──────── AVAILABLE DATA ────────
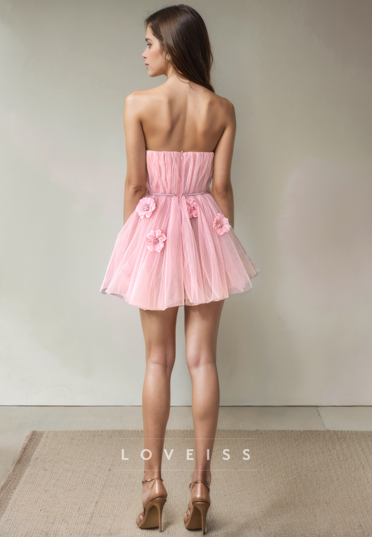 A Line Strapless Flower Pink Cute Homecoming Dress Short Graduation Dress
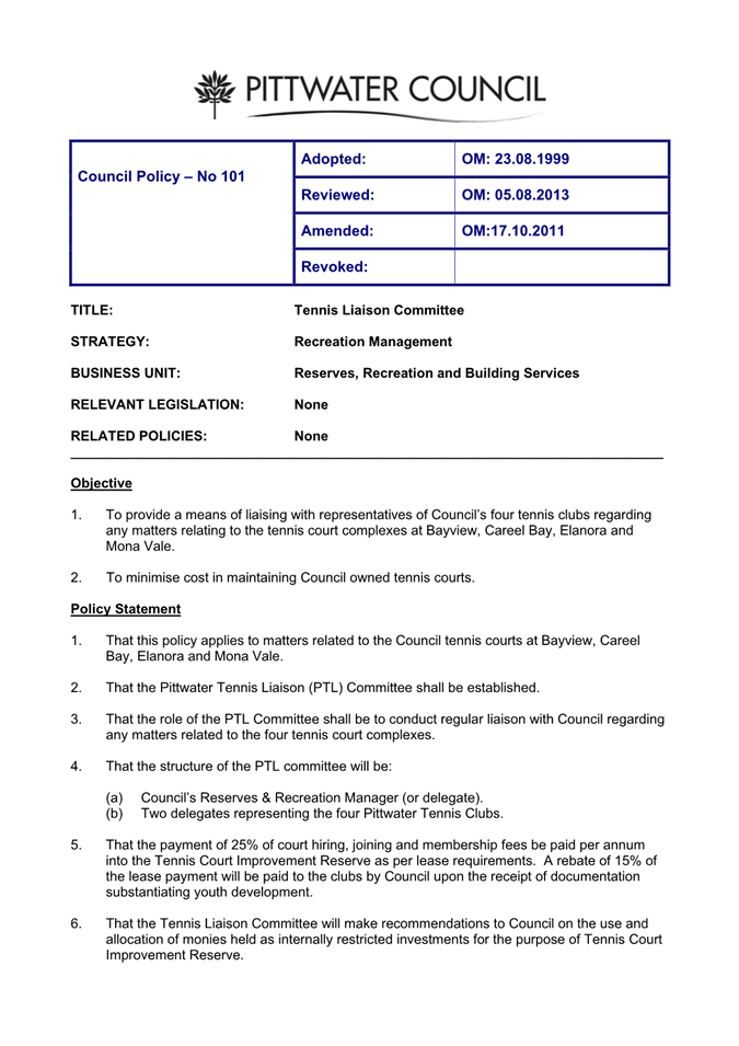 Attachment 1 : Tennis Liaison Committee (Policy No 101) - ITEM 12.1 - Northern Beaches Council Meeting - 17 February 2026
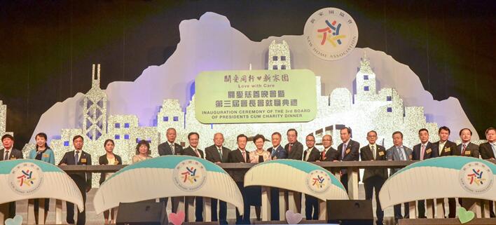 6月10日,以“關(guān)愛同行·新家園” 為主題的新家園協(xié)會慈善晚會暨第三屆董事會就職典禮在香港會展中心圓滿舉行。全國政協(xié)副主席董建華、中聯(lián)辦副主任陳冬、香港行政長官梁振英、香港候任行政長官林鄭月娥、香港立法會主席梁君彥、新家園協(xié)會會長許榮茂、監(jiān)事會主席李思廉及雅居樂集團(tuán)主席陳卓林等與來自政界、社福界、商界和演藝界精英近千人,共同見證該會宣布?xì)v年累積籌款逾4億港元。中聯(lián)辦主任張曉明為新家園品牌活動“四海一家”親書題字,由陳冬于晚宴上代表致送。
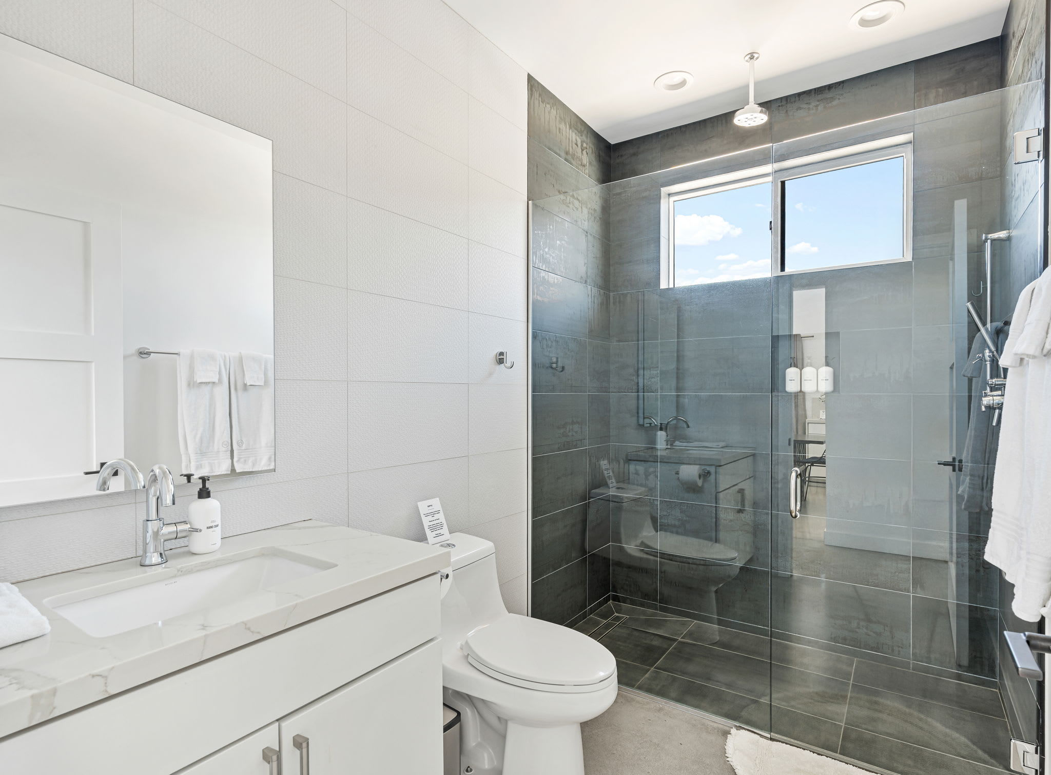 ◎ Four full bathrooms with walk-in showers and modern fixtures
────────
_WHAT THIS TASK INVOLVES_
The lines above should be transcribed exactly, with every image removed.

_THE COMPLETED TASK_
 A Line Strapless Flower Pink Cute Homecoming Dress Short Graduation Dress
 Attachment 1 : Tennis Liaison Committee (Policy No 101) - ITEM 12.1 - Northern Beaches Council Meeting - 17 February 2026
 6月10日,以“關(guān)愛同行·新家園” 為主題的新家園協(xié)會慈善晚會暨第三屆董事會就職典禮在香港會展中心圓滿舉行。全國政協(xié)副主席董建華、中聯(lián)辦副主任陳冬、香港行政長官梁振英、香港候任行政長官林鄭月娥、香港立法會主席梁君彥、新家園協(xié)會會長許榮茂、監(jiān)事會主席李思廉及雅居樂集團(tuán)主席陳卓林等與來自政界、社福界、商界和演藝界精英近千人,共同見證該會宣布?xì)v年累積籌款逾4億港元。中聯(lián)辦主任張曉明為新家園品牌活動“四海一家”親書題字,由陳冬于晚宴上代表致送。
 ◎ Four full bathrooms with walk-in showers and modern fixtures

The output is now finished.